_BRIEF:_
After removing every image, reproduce the data exactly as it appears.
DATA BELOW Start Marker
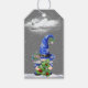Kute julnom med snöflingor och moln på grått-bakgrund. Bakgrunden till färg kan ändras. Text kan redigeras.
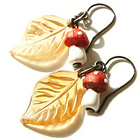 キノコのアンティークビーズがポイントのかわいいネックレスです。葉っぱとの組み合わせが秋をちょっぴり感じさせてくれます。mi-36のネックレスとおそろいでつけるとカワイサ倍増です♪
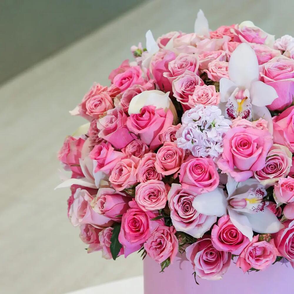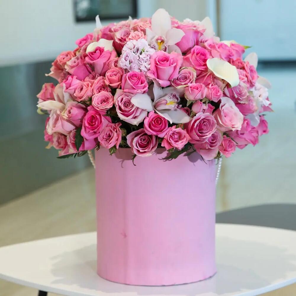 This Pink Beauty Box is a luxurious Roses in a Box arrangement made to wow at first sight. Presented in a premium hatbox, it’s filled with fresh premium pink roses (classic pink roses and delicate spray roses) and finished with elegant white orchid blooms for a soft, upscale touch. The result is a full, romantic pink rose premium bouquet in box form—perfectly round, photo-ready, and designed for lasting impact. Ideal as a stylish Birthday box and unforgettable birthday gifts, it’s also perfect for birthday flowers / flowers for birthday, best flowers for anniversary, proposals, and heartfelt love and romance flowers moments. Crafted with premium quality flowers, this fresh bouquet style box is a trending bouquet and a truly unique flowers bouquet—a top pick for anyone looking for the best bouquet in Dubai
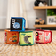 - Smyslové podněty - každá kostka obsahuje různé zvuky (chvění, chrastítko), textury a zářivé barvy ke stimulaci zraku, sluchu a hmatu
DATA BELOW End Marker
_SOLUTION TO THE PROBLEM:_
Kute julnom med snöflingor och moln på grått-bakgrund. Bakgrunden till färg kan ändras. Text kan redigeras.
 キノコのアンティークビーズがポイントのかわいいネックレスです。葉っぱとの組み合わせが秋をちょっぴり感じさせてくれます。mi-36のネックレスとおそろいでつけるとカワイサ倍増です♪
 This Pink Beauty Box is a luxurious Roses in a Box arrangement made to wow at first sight. Presented in a premium hatbox, it’s filled with fresh premium pink roses (classic pink roses and delicate spray roses) and finished with elegant white orchid blooms for a soft, upscale touch. The result is a full, romantic pink rose premium bouquet in box form—perfectly round, photo-ready, and designed for lasting impact. Ideal as a stylish Birthday box and unforgettable birthday gifts, it’s also perfect for birthday flowers / flowers for birthday, best flowers for anniversary, proposals, and heartfelt love and romance flowers moments. Crafted with premium quality flowers, this fresh bouquet style box is a trending bouquet and a truly unique flowers bouquet—a top pick for anyone looking for the best bouquet in Dubai
 - Smyslové podněty - každá kostka obsahuje různé zvuky (chvění, chrastítko), textury a zářivé barvy ke stimulaci zraku, sluchu a hmatu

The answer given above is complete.